Published April 9, 2026

REVIEW: "Landless", by Marjan Khorramgolkaran

Review By: Deirdre Harder

Review

As you turn the corner at Hallwalls Contemporary Arts Center, a bright wall of blue rises, and beyond it, gently undulating waves. Landless by Marjan Khorramgolkaran is an intricate examination of personal identity and material possibility; we are invited to immerse ourselves in a decades-long practice shaped by geographic displacement, memory, and the constant presence of water. Hues of blue, black, white, and gray weave throughout the exhibition, anchoring us in the surrounding seas.

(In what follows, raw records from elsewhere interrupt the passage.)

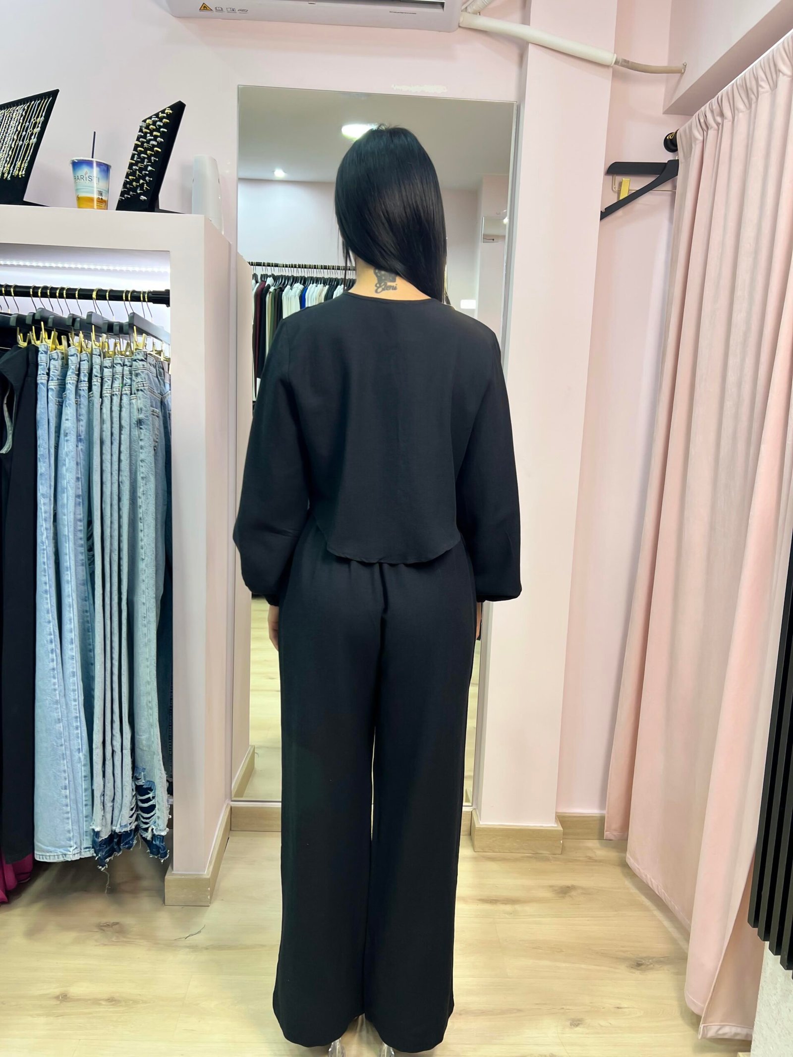 Ένα αέρινο και κομψό σετ που συνδυάζει άνεση με στυλ. Το τοπ διαθέτει ιδιαίτερο σχέδιο με τρία δεσίματα μπροστά και μακριά μανίκια με λάστιχο στις άκρες, προσφέροντας ανάλαφρη εφαρμογή και θηλυκότητα. Η ψηλόμεση παντελόνα με φαρδιά γραμμή χαρίζει ελευθερία κινήσεων και μπορεί να φορεθεί από το πρωί μέχρι το βράδυ.
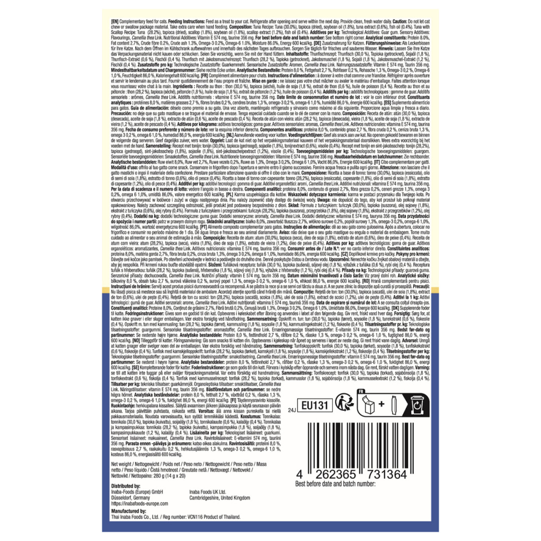 Inaba Churu is gemaakt met lekkere ingrediënten van hoge kwaliteit, waaronder gekweekte kip en/of natuurlijke wildgevangen tonijn. Elke heerlijke, romige Churu tube bevat 88% vocht en slechts zes calorieën (een tiende van de calorieën van traditionele droge kattensnoepjes), waardoor het een snack is die je met een goed gevoel kunt voeren.
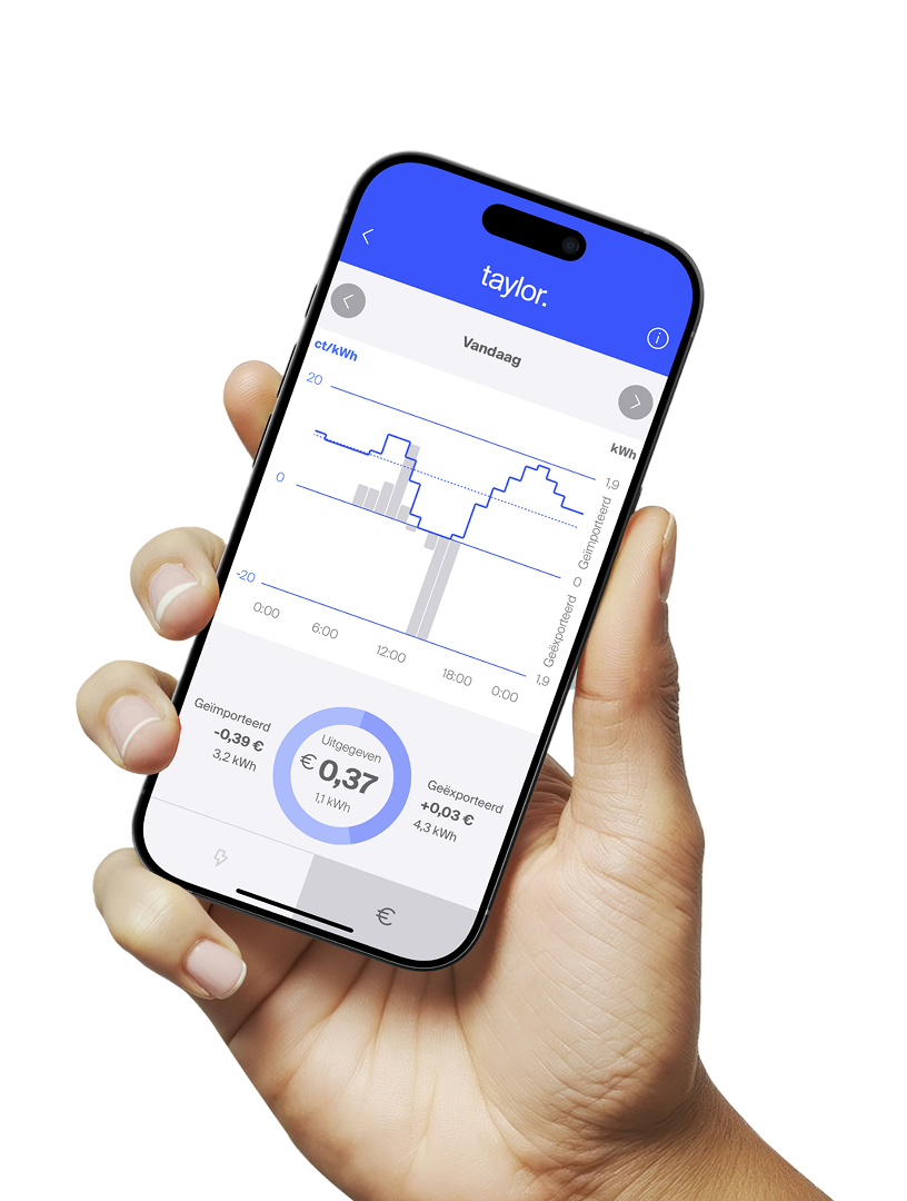 Je dak is beperkt, maar je energievraag groeit naarmate we verder elektrificeren. Kies je nu voor lage opbrengst of een rommelige energiehuishouding, dan kom je later vast te zitten in je verduurzaming. Extra panelen bijleggen is meestal geen goede optie, of gewoonweg niet mogelijk. Inefficiënte omvormers vervangen is onwenselijk. En niemand zit te wachten op gedoe of onderhoud. Met Taylor kies je voor één compleet systeem dat vanaf dag één goed werkt, slim met je energie omgaat en klaar is voor de toekomst.

Cyanotype, watercolor, fused glass, stop motion: the breadth of media in Landless is deeply contemplative and representative of the qualities of water itself. Each work spills over its edges to sweep us along in a sparkling ebb and flow. Khorramgolkaran‘s latest and most ambitious work transforms her etchings and cyanotypes into fused glass panels. The installation Landless, a floor to ceiling grid of glass panels depicting a tumultuous wave, is a painstaking recreation of her etching The Last Wave at a grand scale that towers above the viewer. And yet, I felt a strange sense of calm as light dazzled off each panel. Up close, the specks of black glass dance and tumble as they become the spray of seafoam and the roar of the tide. It appears so effortless, so natural, that you forget everything before you is carefully hand-built. 

Landless is an exhibition that feels solemn, but hopeful. Water does not belong to a single place, Khorramgolkaran reminds us. We drift together, uncertain of where we are headed, but finding community and belonging along the way. You can almost hear the crashing of waves reassure you: even without land under your feet, you can find home. 

Landless is a solo exhibition created by Khorramgolkoran for her MFA from University at Buffalo in Studio Art. See it at Hallwalls Contemporary Arts Center from March 20th to April 17th, 2026.

A handful of people stand in a gallery with wood floors, white walls.